**Extracted data**
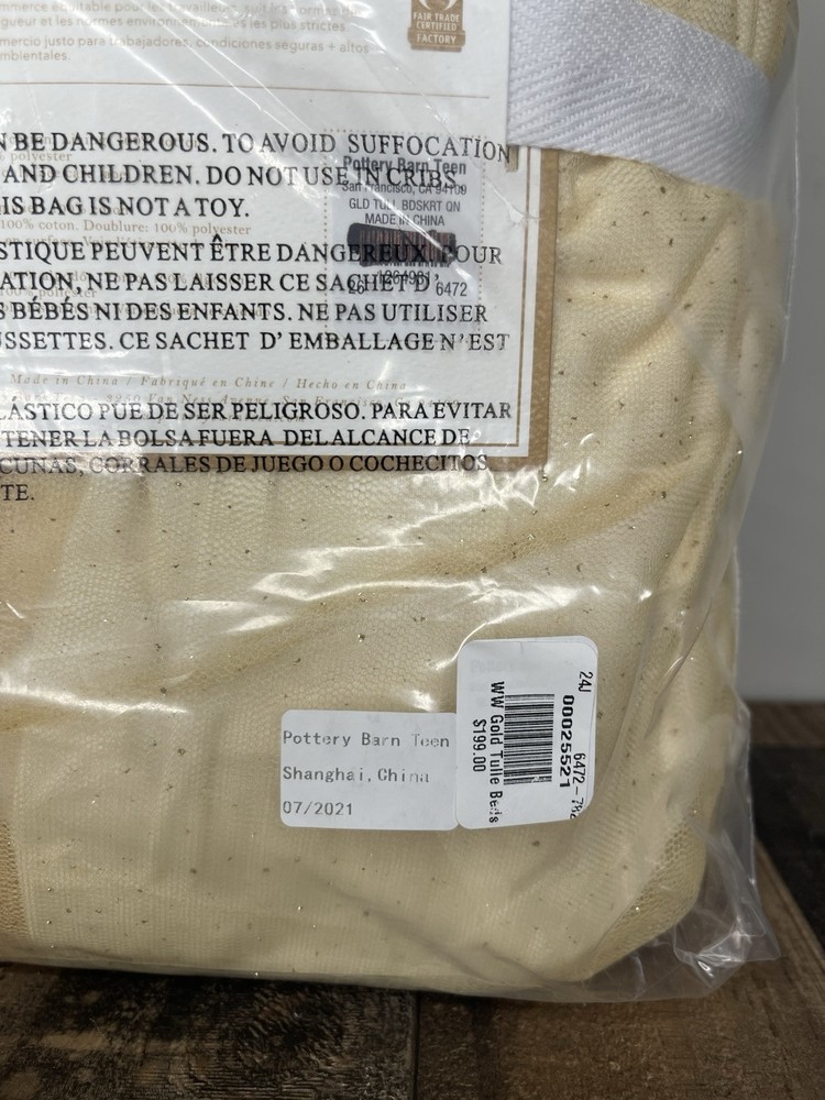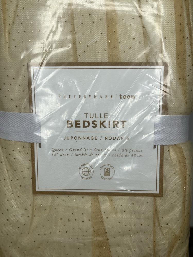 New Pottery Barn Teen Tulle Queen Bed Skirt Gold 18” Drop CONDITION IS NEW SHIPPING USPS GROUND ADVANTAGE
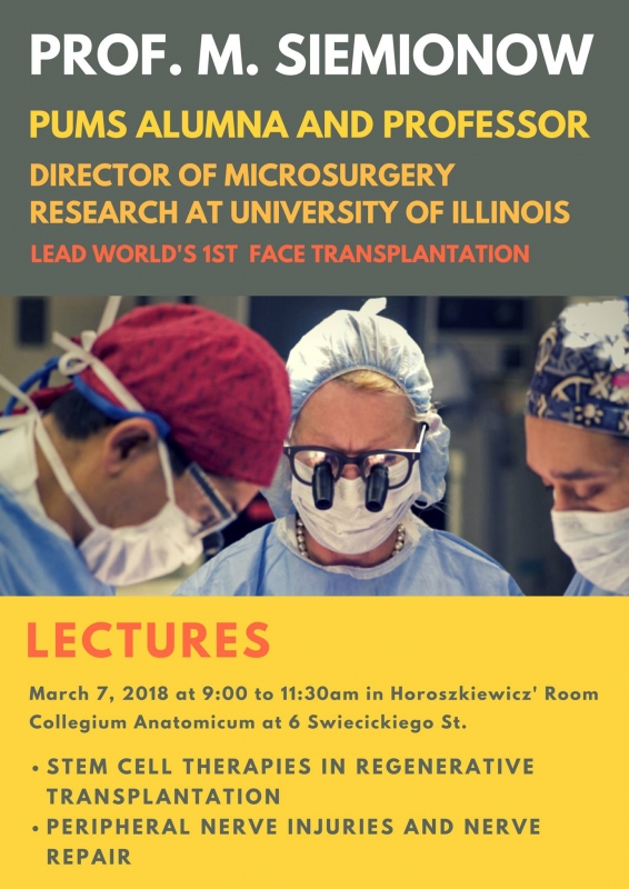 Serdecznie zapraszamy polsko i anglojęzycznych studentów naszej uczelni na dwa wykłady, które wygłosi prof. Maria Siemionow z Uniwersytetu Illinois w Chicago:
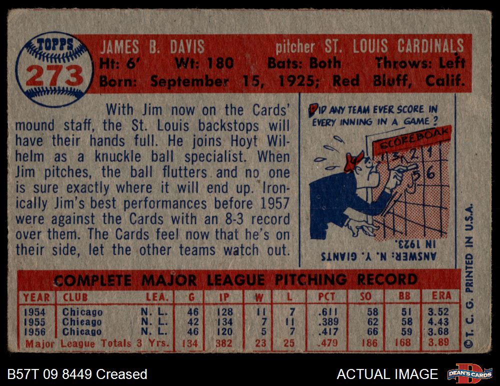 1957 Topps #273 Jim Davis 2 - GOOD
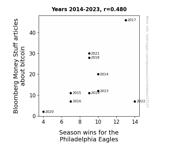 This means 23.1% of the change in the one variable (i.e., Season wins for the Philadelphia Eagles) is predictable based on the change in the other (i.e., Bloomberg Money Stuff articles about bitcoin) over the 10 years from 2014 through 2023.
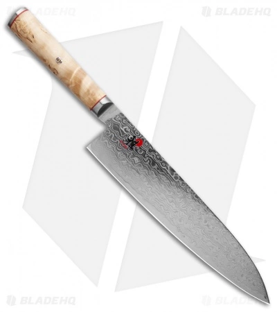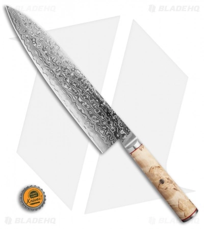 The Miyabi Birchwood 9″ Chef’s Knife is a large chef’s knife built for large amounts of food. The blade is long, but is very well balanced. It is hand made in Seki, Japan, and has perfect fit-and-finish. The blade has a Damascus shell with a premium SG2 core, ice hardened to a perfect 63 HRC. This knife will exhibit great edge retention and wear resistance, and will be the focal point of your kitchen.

**Instructions to follow**
When you output the listing, reproduce it exactly but drop its pictures.

**Answer space**
 New Pottery Barn Teen Tulle Queen Bed Skirt Gold 18” Drop CONDITION IS NEW SHIPPING USPS GROUND ADVANTAGE
 Serdecznie zapraszamy polsko i anglojęzycznych studentów naszej uczelni na dwa wykłady, które wygłosi prof. Maria Siemionow z Uniwersytetu Illinois w Chicago:
 1957 Topps #273 Jim Davis 2 - GOOD
 This means 23.1% of the change in the one variable (i.e., Season wins for the Philadelphia Eagles) is predictable based on the change in the other (i.e., Bloomberg Money Stuff articles about bitcoin) over the 10 years from 2014 through 2023.
 The Miyabi Birchwood 9″ Chef’s Knife is a large chef’s knife built for large amounts of food. The blade is long, but is very well balanced. It is hand made in Seki, Japan, and has perfect fit-and-finish. The blade has a Damascus shell with a premium SG2 core, ice hardened to a perfect 63 HRC. This knife will exhibit great edge retention and wear resistance, and will be the focal point of your kitchen.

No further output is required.